Наступят времена голода и бедности как во всем народе, так и порознь во всяком… — Ср.: ‘И один из них, по имени Агав, встав, предвозвестил Духом, что по всей вселенной будет великий голод, который и был при кесаре Клавдии, тогда ученики положили, каждый по достатку своему, послать пособие братьям’ (Деян. 11, 28, 29).
…нашествия двадцати иноплеменных языков… — Так говорилось о вторжении армии Наполеона в Россию в 1812 г., составленной из войск разных европейских народов.

<Наброски к несохранившимся главам>

Некоторые сведения о героях несохранившихся глав второго тома ‘Мертвых душ’ дошли до нас в отзывах и воспоминаниях лиц, слушавших эти главы в чтении Гоголя. Так, по свидетельству прото-иерея Матфея Константиновского, ‘в одной или двух’ главах ‘был опи-сан священник’ (Образцов Ф., прот. О. Матфей Константиновский, протоиерей Ржевского собора.

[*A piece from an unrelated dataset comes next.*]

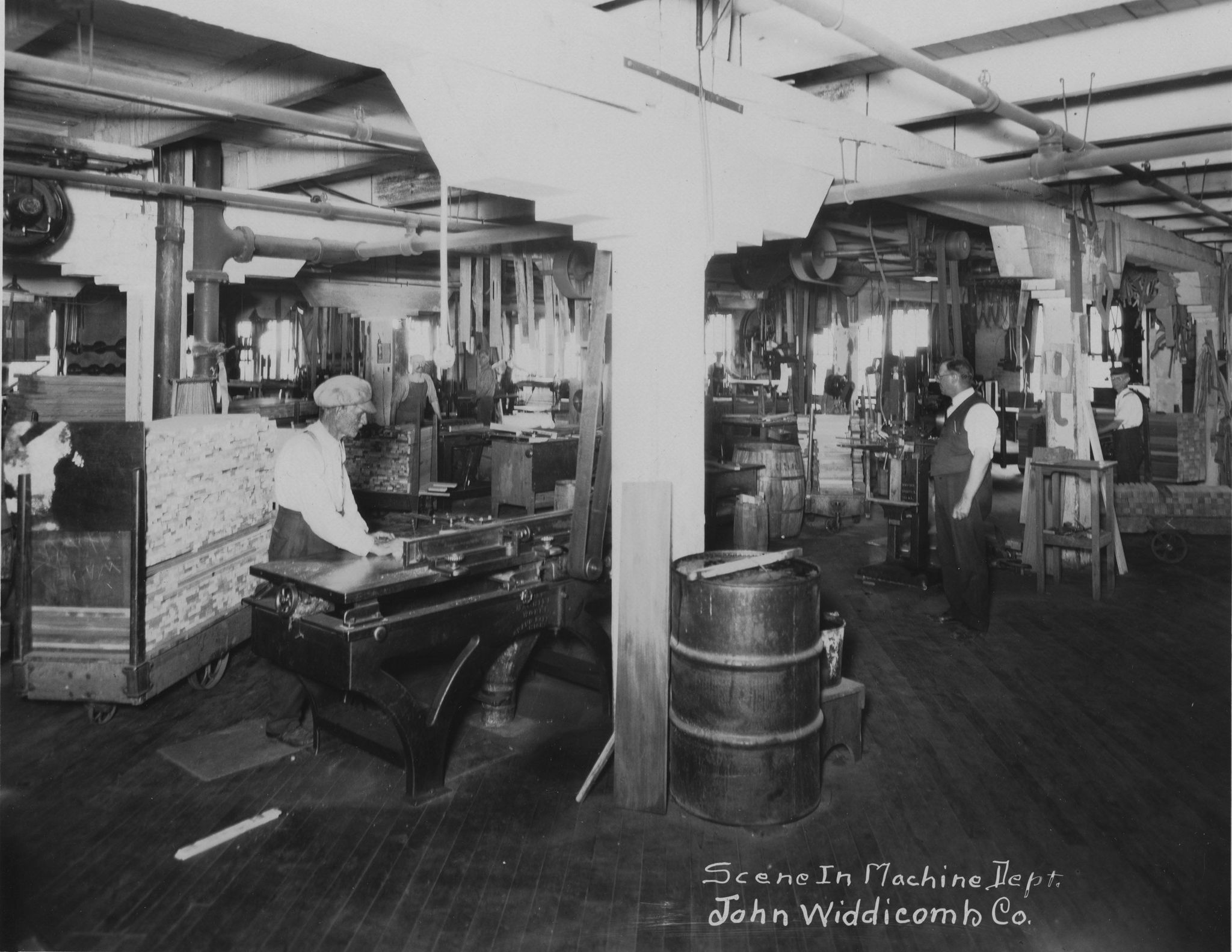 Only seventeen years earlier, the last great log run swept away the railroad bridge near Ann Street. Crowds gathered along the banks of the Grand River to watch as thousands of white pine logs created a jam seven miles long and thirty feet deep. Perhaps this is why so many furniture factories started in the “valley city” — cheap wood, cheap water power, and cheap labor. Scattered along the river and throughout the city were 85 furniture and woodworking factories. Berkey and Gay, Widdicomb, American School Furniture Co. (American Seating), Sligh, Stickley Bros. and others were just then making this medium size city of 87,576 the furniture capital of the United States, a title it held until the Great Depression.
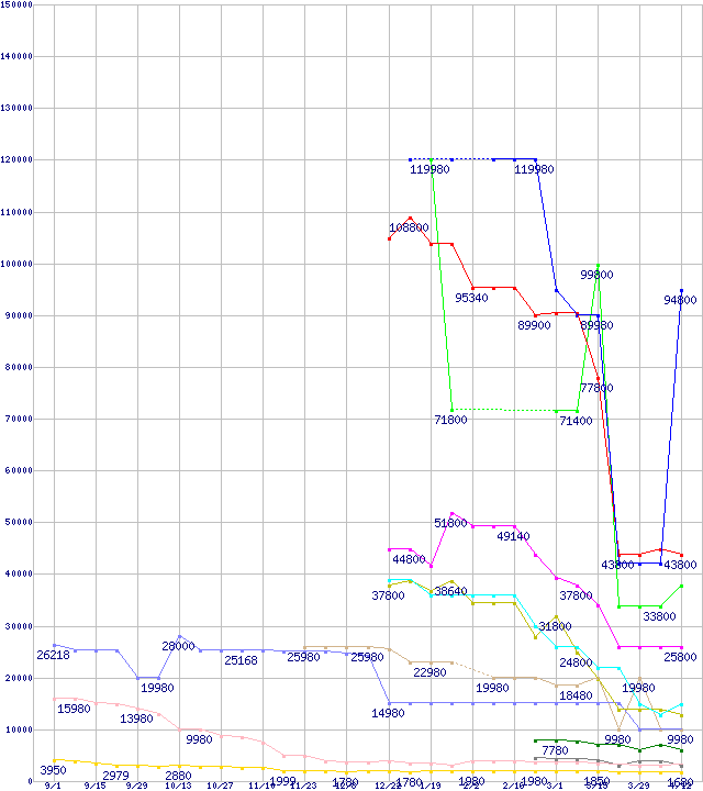 メモリ主要製品の最安値推移

По моим воспоминаниям // Тверские Епархиальные Ведомости. 1902. No 5. 1 марта. Часть неофициаль-ная. С. 138). Об этом же вспоминала А. О. Смирнова, прослушавшая несколько начальных глав второго тома летом 1849 г. На ее вопрос: ‘…неужели будут в поэме еще поразительнейшие явления?’ — Гоголь отвечал: ‘…погодите, будут у меня еще лучшие вещи: будет у меня свя-щенник, будет откупщик, будет генерал-губернатор’ (<Кулиш П. А> Николай М. Записки о жизни Н. В. Гоголя. Т. 2. С. 227). Та же А. О. Смирнова, в подмосковном имении которой Гоголь жил в конце июня — начале июля 1851 г., видела, по ее словам, ‘у него тетр<ади> в лист очень мелко. Покрыв<ал> платком. Я сказ<ала>, что я прочла — ‘Никита и генерал-губ<ернатор> разговарив<ают>‘. ‘А вот как! вы подглядываете! так я же буду запирать» (Смирнова-Россет А. О. Дневник. Воспоминания. С. 40).
25—26 июля 1851 г. Гоголь писал С. П. Шевыреву, которому незадолго перед тем в обстановке полной секретности прочел пятую и шестую главы: ‘Убедительно прошу тебя не сказывать никому о прочитанном, ни даже называть мелких сцен и лиц героев. Случились истории. Очень рад, что две последние главы, кроме тебя, никому не известны. Ради Бога, никому’. 27 июля Шевырев отвечал Гоголю: ‘Успокойся. Даже и жене я ни одного имени не назвал, не упомянул ни об одном событии. Только раз при тебе же назвал штабс-капитана Ильина, но и только. Тайна твоя для меня дорога, поверь. С нетерпением жду 7-й и 8-й главы. Ты меня освежил и упоил этим чтением’.
Кроме того, в записной книжке Гоголя 1846—1850 гг. сохранились два отрывка, посвященных, по-видимому, въезду Чичикова в город Тьфуславль. Первый набросок начинается с половины фразы: ‘…и заходящему солнцу краснели скирды сена, телеги и люди… Дорога спускалась вниз, внизу полукругом необозримая над долиной по ту сторону ровная линия, и гребнем ряд дерев. На правый бок линия прерывалась снова в бок горы с городом наверху, церкви, колокольни, дерева, домы чуть были видны сквозь сизый туман. Коляска спускалась ближе к гребле по мосту (по долине проходила река). Скоро <1> возвышенья понизились также. И город скрылся. С обоих боков сходили к долине круглобокие горы, насупротив одна против <другой>, а за ними третья насупротив Чичикова, облаченная туманом…’ Далее, после заметки ‘Черты городов’, в записной книжке располагается второй набросок: ‘Становилось душнее по мере приближения к городу. Воздух начал сгущаться от пыльных облаков, воздымаемых скрыпучими колесами телег, тяжело нагруженных мешками. Город на оврагах предстал пред глаза, овраги блистали, как бы исподнизу освещали<сь> где<-то> скрывшимся солнцем из-за дерев. Дерева же темного цвета громовой тучи. Открывшийся город как бы из двух состоял половин: одна выдвигалась длинной цепью домов и колокольней вперед, другая, позади, освещалась, блестя, солнцем’.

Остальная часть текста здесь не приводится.